→ **Task**: Retype the line where "We also track" appears and each line that follows it down to the last line of the records below. Leave the pictures out.
· · · · ·
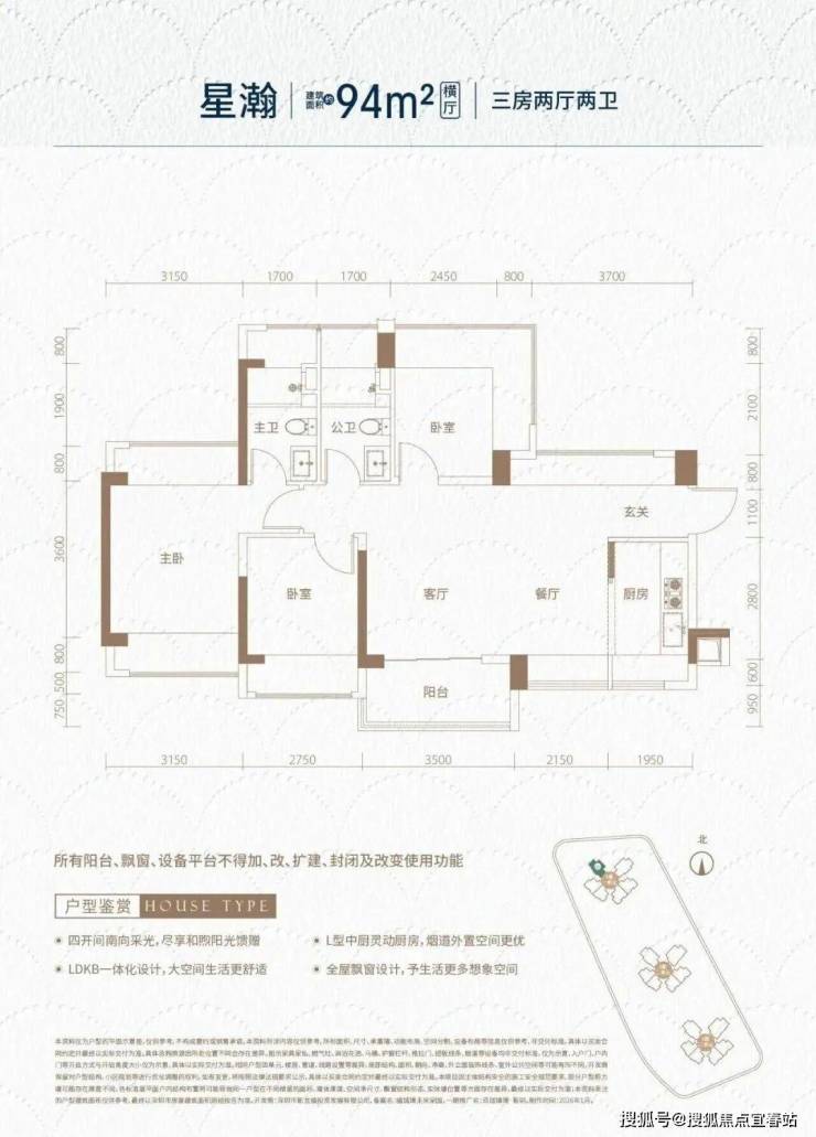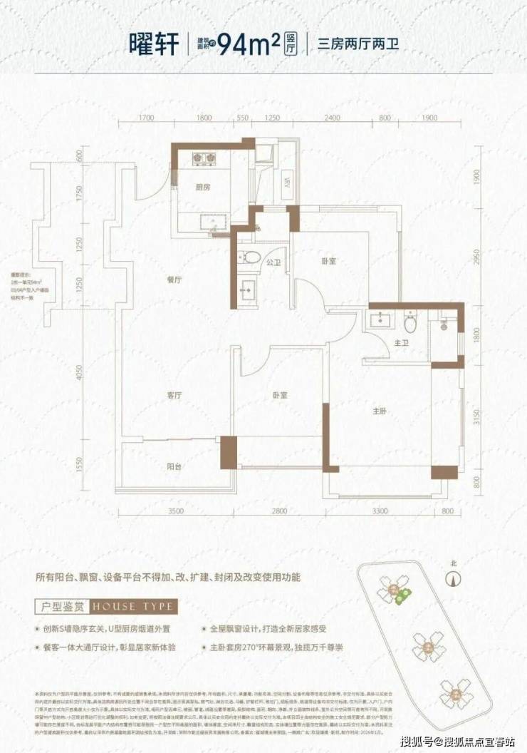 94㎡的3房2厅2卫(-2),设计的是横厅南北通透格局,独门独户,进门入户玄关,客餐厅5.7米开间,LDKB一体化,全屋10面飘窗,主卧南北通,U型厨房,卫生间干湿分离,得房率约93.73%(包含赠送),阳台主朝西南向。
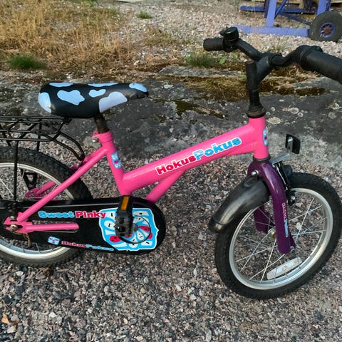 Noin 5-6-vuotiaalle sopiva tukeva pyörä. Vikoina pieni palkeenkieli istuimessa.
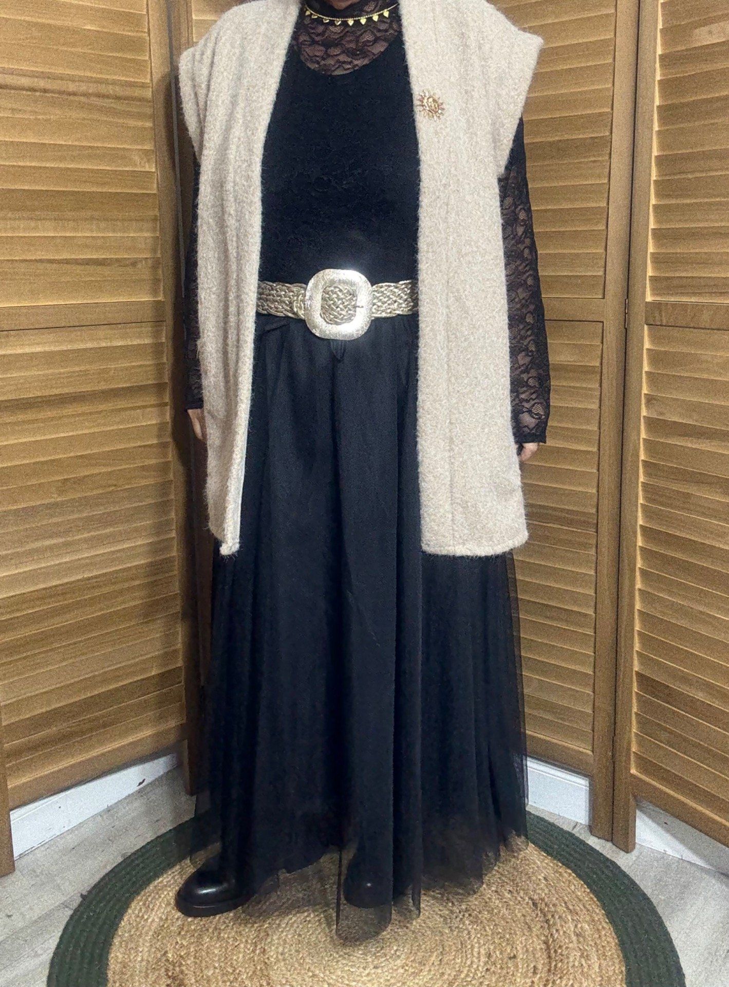 tulle noir (2 couches) + 1 doublure noire satinée non extensible (jusqu'au chevilles)
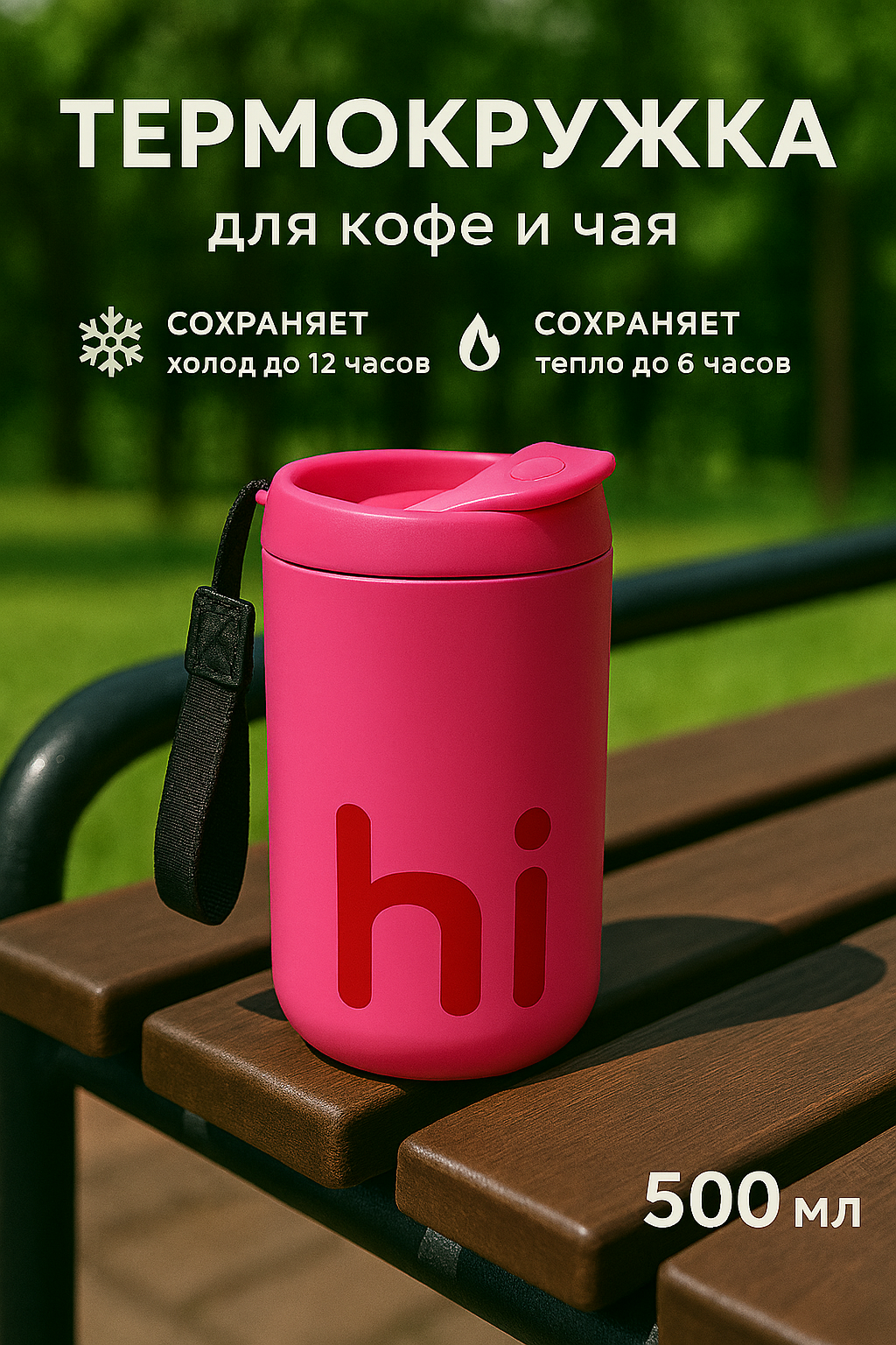 Представьте: горячий кофе остается теплым даже через несколько часов. Термокружка 'HI' объемом 500мл создана для тех, кто ценит комфорт и практичность в повседневной жизни.
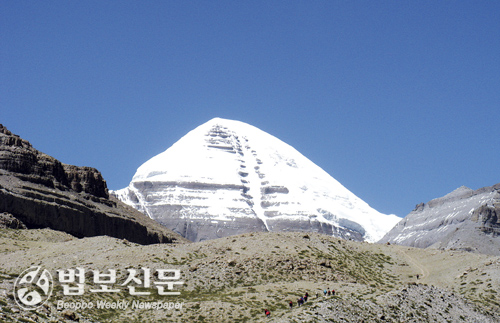 | 세계 제일의 성지 강 린포체(카일라스)가 순백의 화관을 쓴 듯 그 모습이 장엄하고 신이하다. 강 린포체의 좌우에 있는 봉우리들은 강 린포체를 주불로 받드는 보살님들로, 세 분의 불보살님들은 히말라야와 티베트 고원이 빚은 ‘자연의 삼존불’이다. 강 린포체를 향해 가는 순례자들의 행렬이 마치 개미들의 행렬처럼 작게 보인다. 사진제공=일광여행사 |
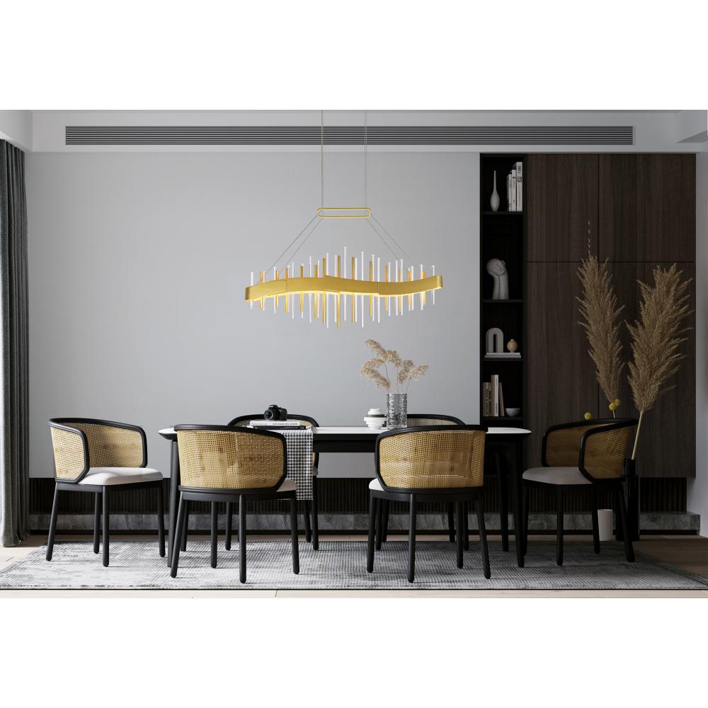 The Millipede 40 inch LED Chandelier in Satin Gold is here to help define the ambiance in your space. This modern interior lighting option features a curvy rectangular metal base adorned on its top and bottom edges with clear and gold glass tubes. As it di
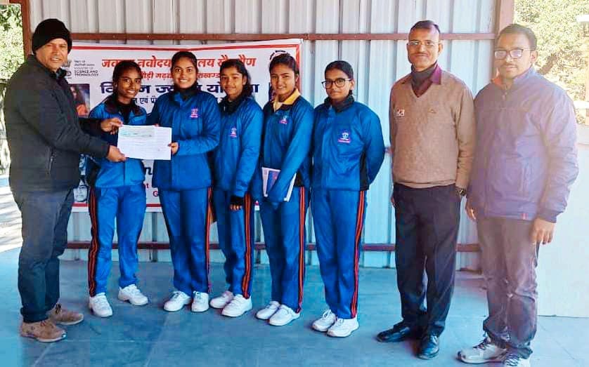 3. JNV Kahirasain, Pauri Garhwal is the representatives of the said program in the distt. Mr JP Balodi, Vice Principal and Mr Jitendra Dhasmana presented a cheque of ₹45,000/- (Each girl has received ₹9,000/). Second installment of the scholarship of ₹15,000/ will be disbursed later.
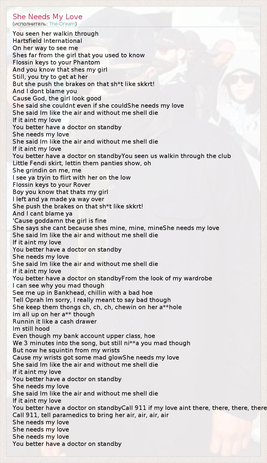 Это интересно:Terius Youngdell Nash - американский автор и исполнитель песен в жанре R&B и продюсер, скрывающийся под псевдонимом The-Dream. Родился в Северной Каролине, но рос в Атланте. Нэш является автором песни Umbrella, которую исполняет певица Рианна . После успеха этой композиции, Нэш стал активно работать... продолжение
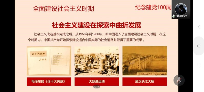 此次主题党课活动的成功举办,不仅使支部成员进一步了解了新中国发展建设时期的艰难探索过程,也让同学们深刻感悟到了这段历史征程中共产党人的初心和使命,明确了新时代青年人身上所担负的责任与担当,为支部进一步开展党史学习教育奠定了良好的基础。
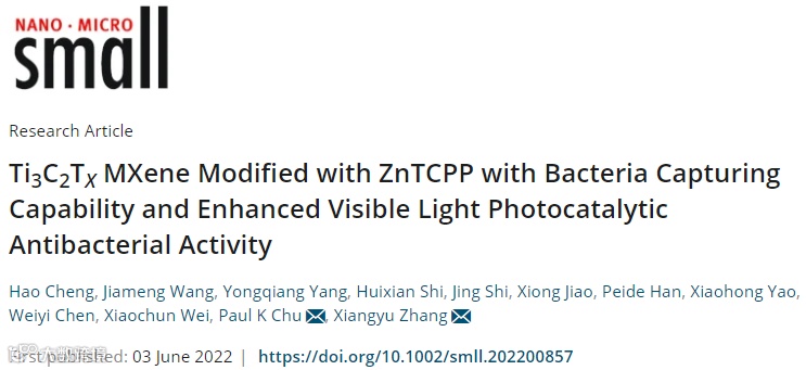 文章以“Ti3C2TX MXene Modified with ZnTCPP with Bacteria Capturing Capability and Enhanced Visible Light Photocatalytic Antibacterial Activity”为题发表在了国际权威期刊Small上。太原理工大学张翔宇副教授和香港城市大学朱剑豪教授为共同通讯作者,太原理工大学博士生程昊为第一作者。
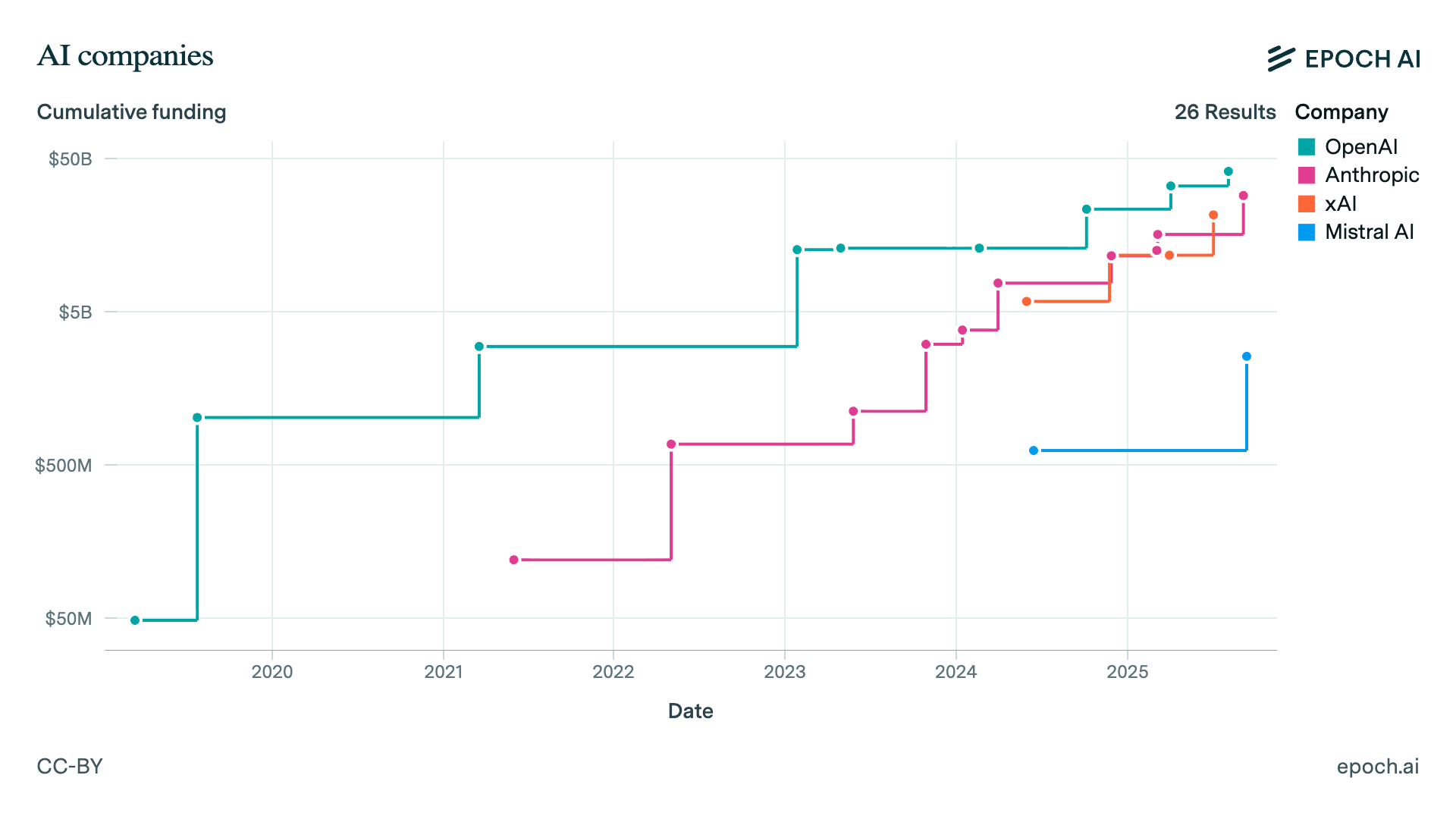 We also track funding rounds and valuations, showing the scale of capital flow into AI development. We’ve identified nearly $100 billion in debt and equity funding raised across frontier AI companies. Valuations have surged as well: OpenAI was recently valued at $300 billion, more than 10x its valuation from early 2023.
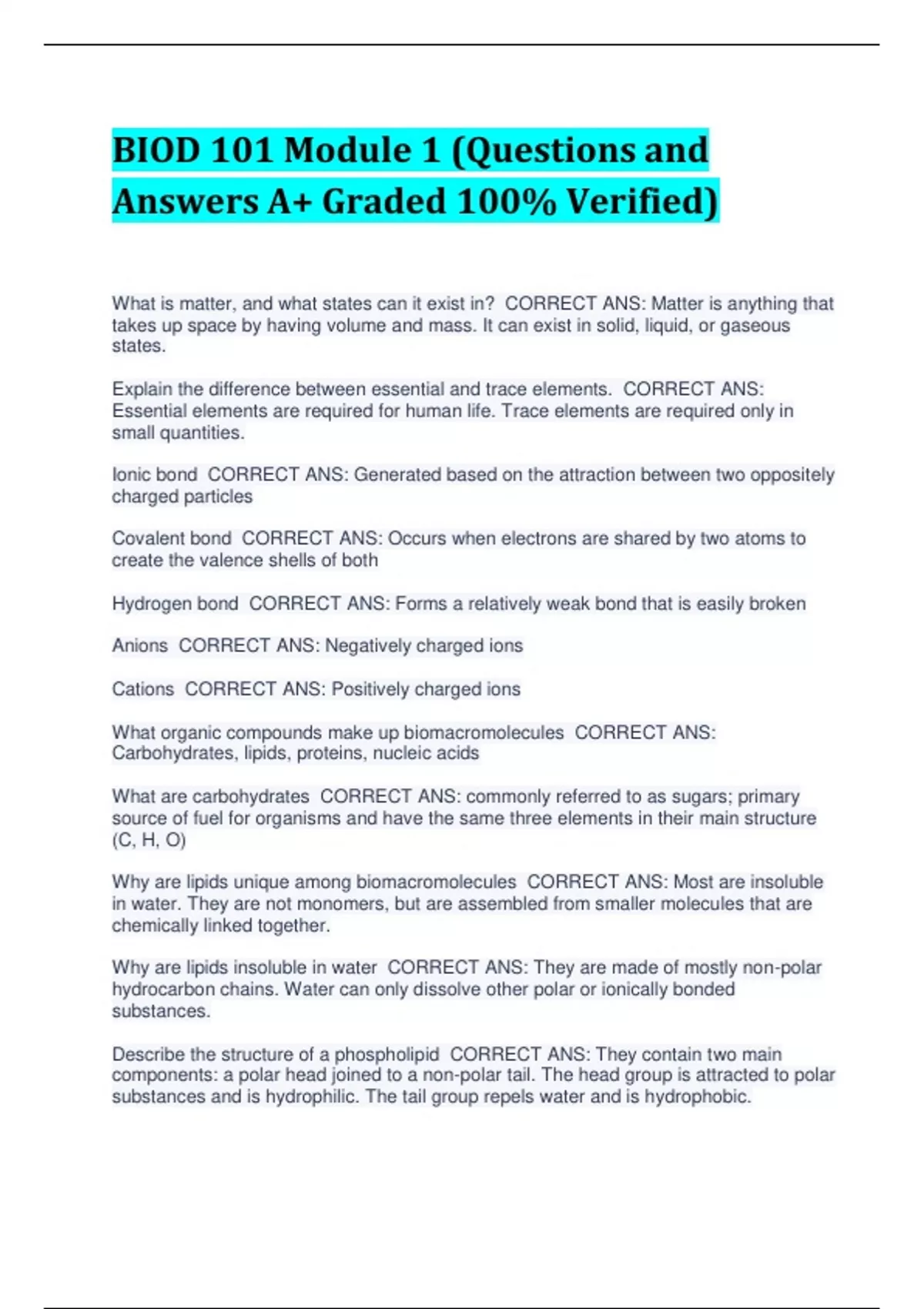 BIOD 101 Module 1 (Questions and Answers A+ Graded 100% Verified)BIOD 101 Exam 2 (Questions and Answers A+ Graded 100% Verified)Biology 101 - module 3 (A+ Graded 100% Verified)BIOD 101 FINAL (Questions and Answers A+ Graded 100% Verified) Bio 101- Module #4 (Questions and Answers A+ Graded 100% Verified)Bio 101 Module 5 (Questions and Answers A+ Gr
· · · · ·
→ **Exercise output**:
 We also track funding rounds and valuations, showing the scale of capital flow into AI development. We’ve identified nearly $100 billion in debt and equity funding raised across frontier AI companies. Valuations have surged as well: OpenAI was recently valued at $300 billion, more than 10x its valuation from early 2023.
 BIOD 101 Module 1 (Questions and Answers A+ Graded 100% Verified)BIOD 101 Exam 2 (Questions and Answers A+ Graded 100% Verified)Biology 101 - module 3 (A+ Graded 100% Verified)BIOD 101 FINAL (Questions and Answers A+ Graded 100% Verified) Bio 101- Module #4 (Questions and Answers A+ Graded 100% Verified)Bio 101 Module 5 (Questions and Answers A+ Gr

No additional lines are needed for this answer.